## [Your objective]
Among the entries below, which lines run from the line with "8. Если а = 6, то 96 : а = 96 : 6 = 16;" through the line with "Instax Mini glitter"? Retype those, both ends included, exactly and without pictures.

## [Data for this exercise]
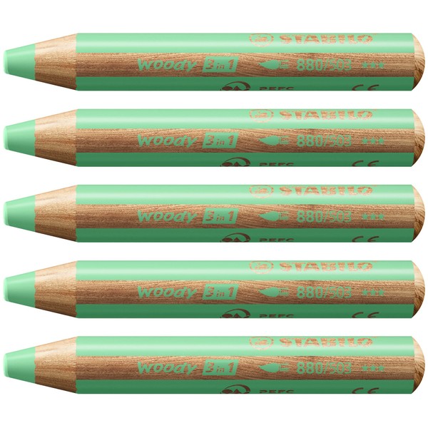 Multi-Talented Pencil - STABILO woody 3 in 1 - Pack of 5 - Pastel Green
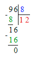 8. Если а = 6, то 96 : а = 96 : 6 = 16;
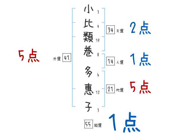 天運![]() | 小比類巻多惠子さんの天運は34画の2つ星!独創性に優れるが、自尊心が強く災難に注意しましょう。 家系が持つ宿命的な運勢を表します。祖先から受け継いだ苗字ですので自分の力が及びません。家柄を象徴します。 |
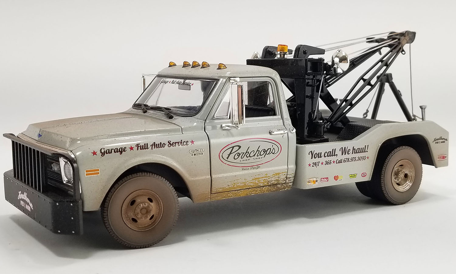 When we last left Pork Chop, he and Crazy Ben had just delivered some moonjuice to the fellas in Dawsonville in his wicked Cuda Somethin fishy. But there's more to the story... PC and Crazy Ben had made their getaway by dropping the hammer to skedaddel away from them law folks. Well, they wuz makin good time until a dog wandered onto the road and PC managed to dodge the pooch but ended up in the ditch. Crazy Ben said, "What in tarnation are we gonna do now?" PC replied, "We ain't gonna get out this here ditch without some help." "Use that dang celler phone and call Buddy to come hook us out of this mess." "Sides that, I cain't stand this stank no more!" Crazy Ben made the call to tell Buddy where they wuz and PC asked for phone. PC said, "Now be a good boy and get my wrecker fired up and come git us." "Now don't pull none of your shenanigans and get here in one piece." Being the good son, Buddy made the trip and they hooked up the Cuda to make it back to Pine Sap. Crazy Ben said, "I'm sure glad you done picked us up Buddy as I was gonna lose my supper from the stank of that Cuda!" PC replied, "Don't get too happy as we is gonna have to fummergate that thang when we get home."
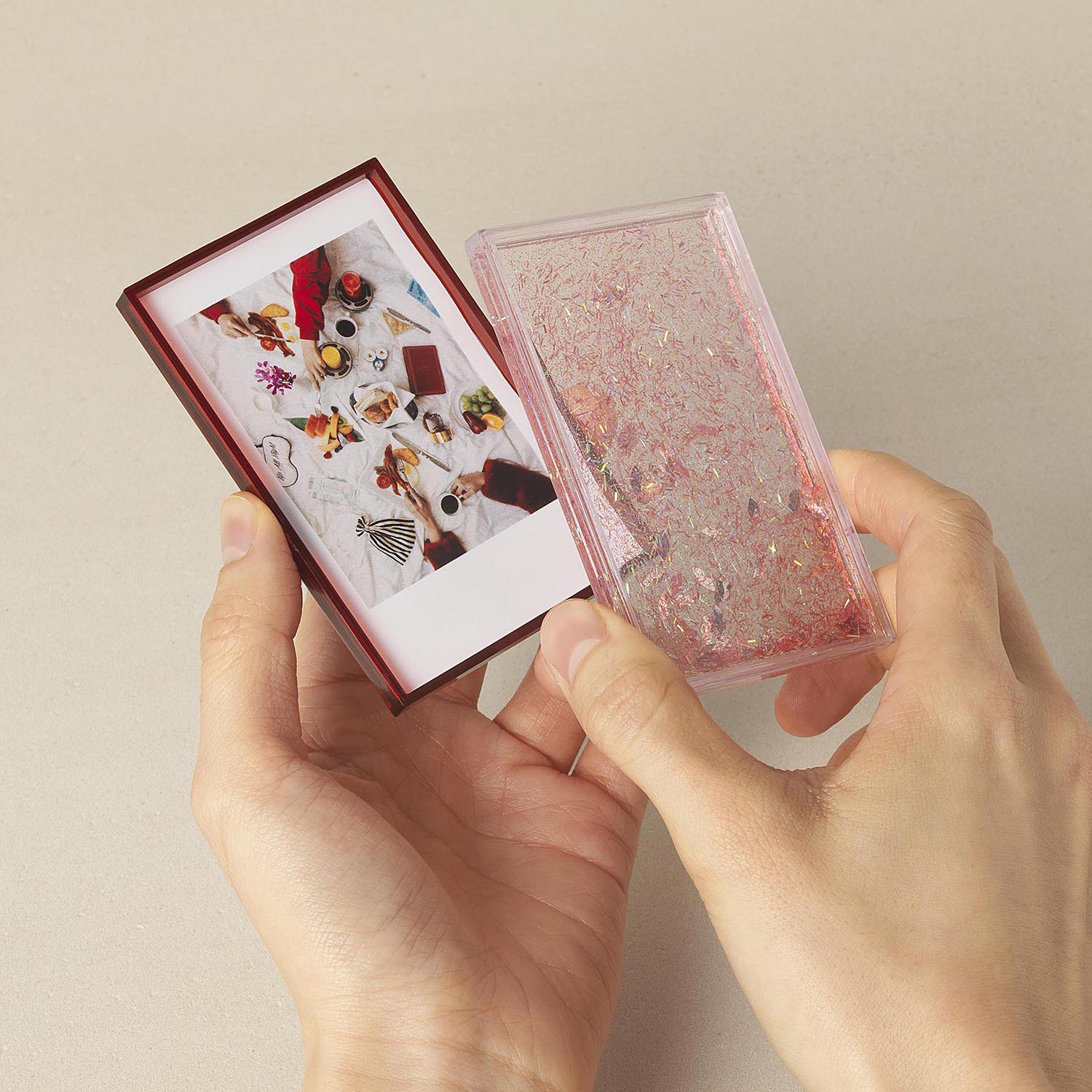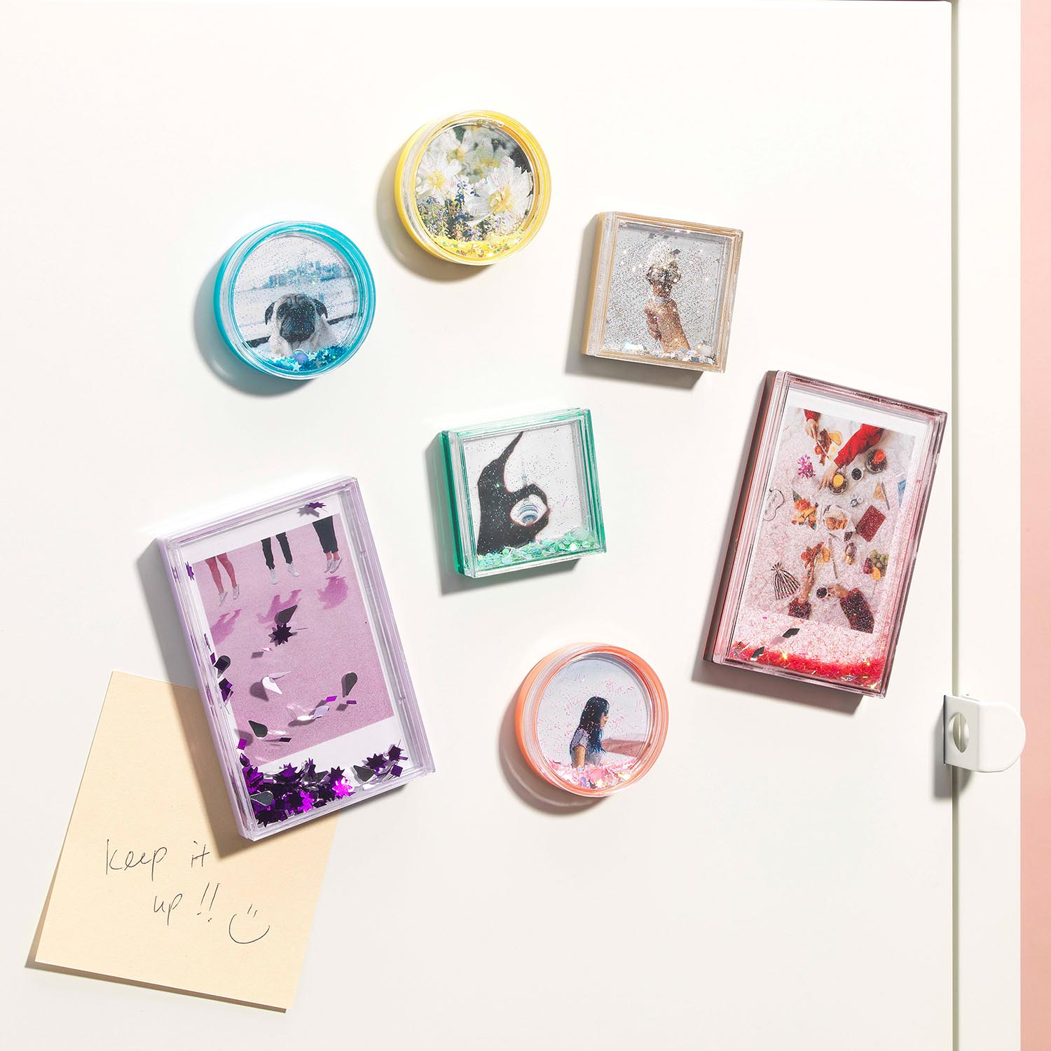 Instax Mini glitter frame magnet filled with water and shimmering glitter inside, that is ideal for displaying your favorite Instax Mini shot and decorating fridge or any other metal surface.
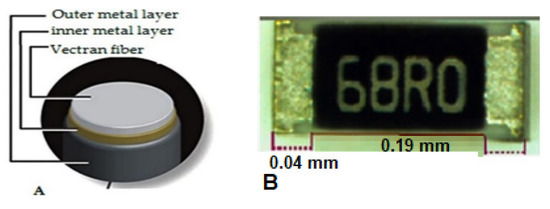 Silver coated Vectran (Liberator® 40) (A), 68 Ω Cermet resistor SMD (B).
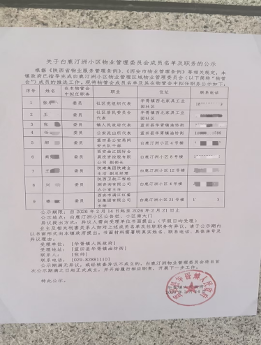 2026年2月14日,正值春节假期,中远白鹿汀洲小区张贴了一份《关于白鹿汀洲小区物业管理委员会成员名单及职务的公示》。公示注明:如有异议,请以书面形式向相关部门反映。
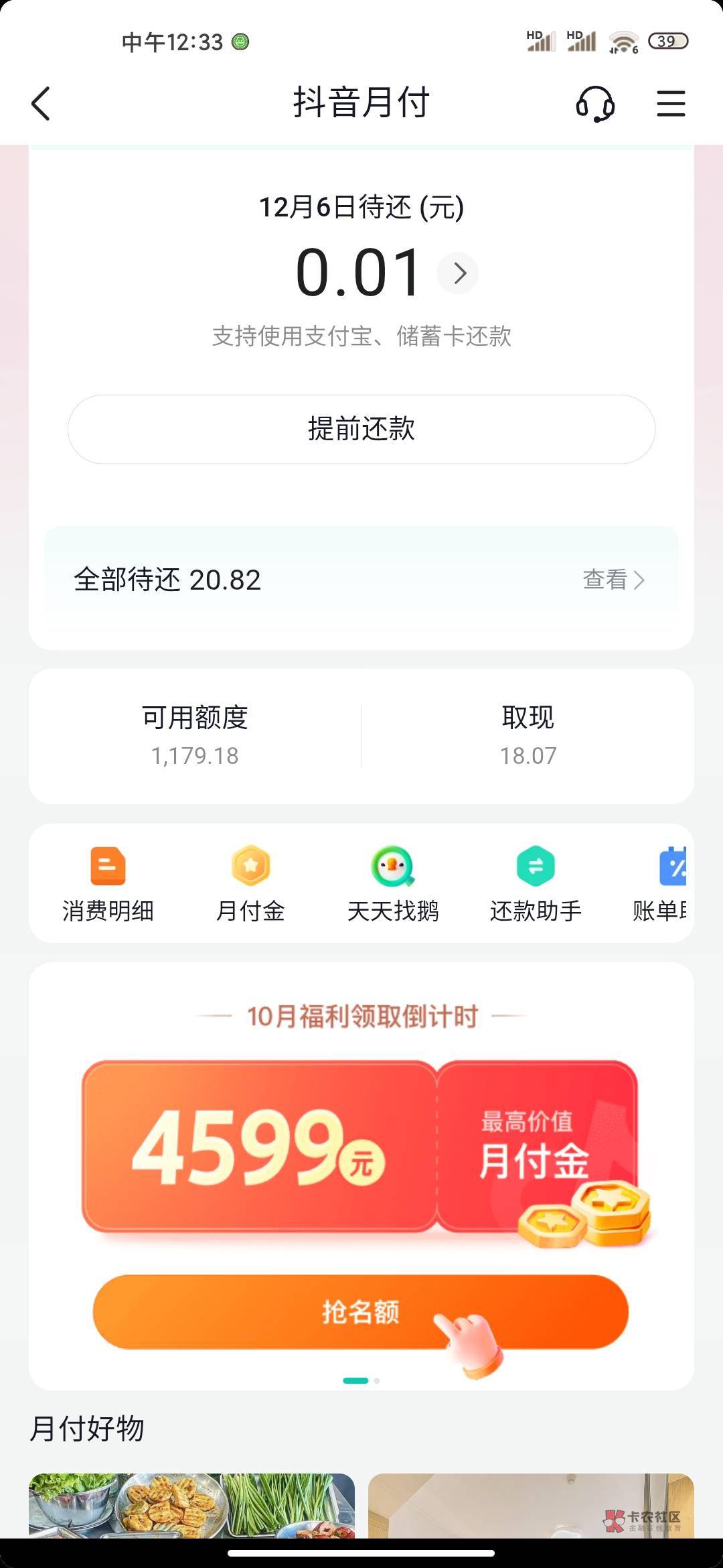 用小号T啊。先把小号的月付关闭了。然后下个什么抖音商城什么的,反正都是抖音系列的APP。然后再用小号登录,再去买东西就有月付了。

* * *

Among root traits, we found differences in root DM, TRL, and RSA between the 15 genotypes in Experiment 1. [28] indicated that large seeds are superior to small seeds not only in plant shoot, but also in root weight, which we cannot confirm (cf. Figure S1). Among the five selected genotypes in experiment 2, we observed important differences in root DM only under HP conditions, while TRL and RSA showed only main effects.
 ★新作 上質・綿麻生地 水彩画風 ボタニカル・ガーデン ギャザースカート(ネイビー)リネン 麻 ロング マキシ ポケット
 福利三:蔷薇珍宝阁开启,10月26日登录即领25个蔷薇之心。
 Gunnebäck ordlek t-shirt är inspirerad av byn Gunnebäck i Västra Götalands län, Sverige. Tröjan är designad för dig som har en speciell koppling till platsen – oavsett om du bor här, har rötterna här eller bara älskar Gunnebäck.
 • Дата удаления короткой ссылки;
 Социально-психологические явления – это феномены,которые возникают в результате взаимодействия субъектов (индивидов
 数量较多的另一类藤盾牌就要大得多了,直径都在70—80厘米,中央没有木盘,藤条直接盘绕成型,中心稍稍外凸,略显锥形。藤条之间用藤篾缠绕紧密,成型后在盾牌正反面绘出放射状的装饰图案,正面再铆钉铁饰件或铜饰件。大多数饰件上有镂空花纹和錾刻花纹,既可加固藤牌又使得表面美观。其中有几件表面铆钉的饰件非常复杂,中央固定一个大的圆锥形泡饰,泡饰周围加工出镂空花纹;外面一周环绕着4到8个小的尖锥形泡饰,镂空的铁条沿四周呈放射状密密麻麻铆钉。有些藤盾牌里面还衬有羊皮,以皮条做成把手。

* * *

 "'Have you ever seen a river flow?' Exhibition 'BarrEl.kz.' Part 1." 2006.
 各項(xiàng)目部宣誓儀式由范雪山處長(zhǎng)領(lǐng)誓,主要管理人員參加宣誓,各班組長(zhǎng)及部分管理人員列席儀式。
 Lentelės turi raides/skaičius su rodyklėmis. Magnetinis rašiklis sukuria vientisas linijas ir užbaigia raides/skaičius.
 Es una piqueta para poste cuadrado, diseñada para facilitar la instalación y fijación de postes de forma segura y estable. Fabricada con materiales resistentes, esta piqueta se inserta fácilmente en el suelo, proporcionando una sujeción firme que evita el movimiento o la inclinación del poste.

## [Written solution]
 8. Если а = 6, то 96 : а = 96 : 6 = 16;
 天運![]() | 小比類巻多惠子さんの天運は34画の2つ星!独創性に優れるが、自尊心が強く災難に注意しましょう。 家系が持つ宿命的な運勢を表します。祖先から受け継いだ苗字ですので自分の力が及びません。家柄を象徴します。 |
 When we last left Pork Chop, he and Crazy Ben had just delivered some moonjuice to the fellas in Dawsonville in his wicked Cuda Somethin fishy. But there's more to the story... PC and Crazy Ben had made their getaway by dropping the hammer to skedaddel away from them law folks. Well, they wuz makin good time until a dog wandered onto the road and PC managed to dodge the pooch but ended up in the ditch. Crazy Ben said, "What in tarnation are we gonna do now?" PC replied, "We ain't gonna get out this here ditch without some help." "Use that dang celler phone and call Buddy to come hook us out of this mess." "Sides that, I cain't stand this stank no more!" Crazy Ben made the call to tell Buddy where they wuz and PC asked for phone. PC said, "Now be a good boy and get my wrecker fired up and come git us." "Now don't pull none of your shenanigans and get here in one piece." Being the good son, Buddy made the trip and they hooked up the Cuda to make it back to Pine Sap. Crazy Ben said, "I'm sure glad you done picked us up Buddy as I was gonna lose my supper from the stank of that Cuda!" PC replied, "Don't get too happy as we is gonna have to fummergate that thang when we get home."
 Instax Mini glitter frame magnet filled with water and shimmering glitter inside, that is ideal for displaying your favorite Instax Mini shot and decorating fridge or any other metal surface.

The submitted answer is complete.